The auth layer has two modes. Public endpoints (the bulk of the API) return specific codes because helpful error messages are worth more than the marginal information they leak — "your key is revoked" is far more useful than "auth failed." Internal and high-privilege endpoints flip that calculus: they return authentication_failed and disclose nothing, because the threat model includes attackers probing for valid credentials.

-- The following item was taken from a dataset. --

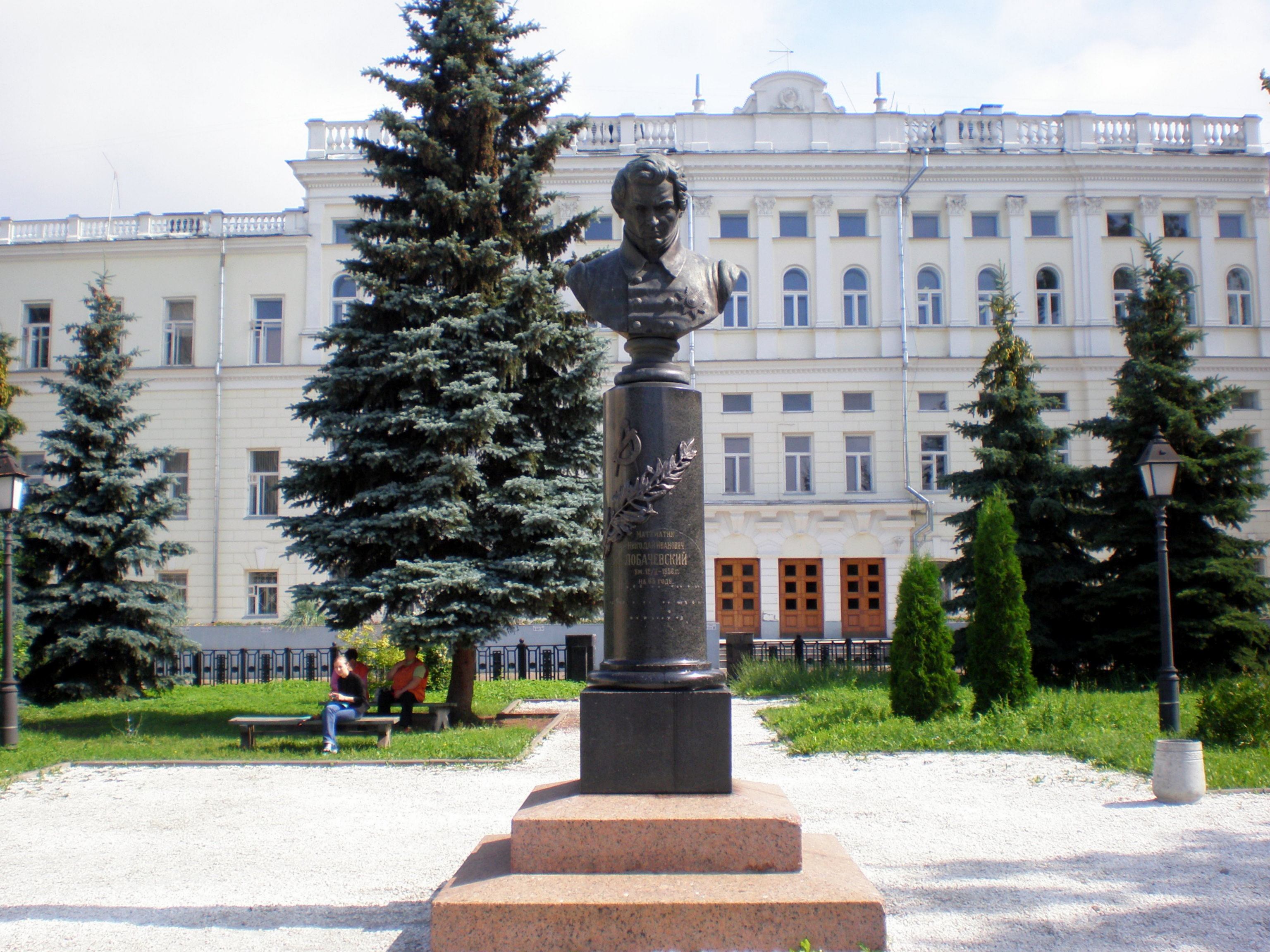 Lobachevsky bust, Kazan University

The most common gotcha: this error usually means you're calling an endpoint you didn't realize was internal-only. The public API never returns authentication_failed for missing or wrong API keys — those return specific api_key_* codes. If you're seeing this from /v1/astro/* or /v1/numerology/*, something unusual is happening.

Example response

{
"success": false,
"error": "authentication_failed",
"message": "We couldn't authenticate your request. Verify your credentials and try again.",
"details": [],
"retry_after": null,
"doc_url": "https://docs.asterwise.com/reference/errors/authentication_failed",
"request_id": "req_01HXYZABCDEFGH",
"timestamp": "2026-05-25T12:34:56Z"
}
NEW TO APIS?
Quick fix
  1. Verify which endpoint you're calling. If it's under /v1/internal/* or /v1/admin/*, you need a different credential type than a standard API key.
  2. For dashboard or billing routes, sign in fresh at asterwise.com/dashboard to get a current session token.
  3. If you're certain the endpoint is public and your credentials are correct, capture the request_id and contact [email protected].
PRODUCTION ENGINEER
Recovery pattern

Treat as a hard 401. Don't retry; don't infer the cause; route the user to the appropriate sign-in or credentials flow based on which endpoint they were hitting.

Python:

Production handler

import httpx

class AsterwiseAuthError(Exception):
"""Authentication failed. Cause not disclosed by endpoint."""

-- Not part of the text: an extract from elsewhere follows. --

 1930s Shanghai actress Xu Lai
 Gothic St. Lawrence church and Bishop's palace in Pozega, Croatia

def call_protected(url, headers, payload):
response = httpx.post(url, headers=headers, json=payload, timeout=15)
if response.status_code == 401:
body = response.json()
if body.get("error") == "authentication_failed":
raise AsterwiseAuthError(
f"Authentication failed for {url}. "
f"Verify credentials. request_id={body.get('request_id')}"
)
response.raise_for_status()
return response.json()

Avoid this error by

  • Keep internal and public credential paths visibly separated in your codebase. A standard API key calling an internal endpoint is a category error, not a config drift.
  • Don't share API keys across environments. Production keys for production endpoints; sandbox keys for development.
  • For dashboard/billing flows, keep session tokens refreshed and don't let them sit stale across long-running flows.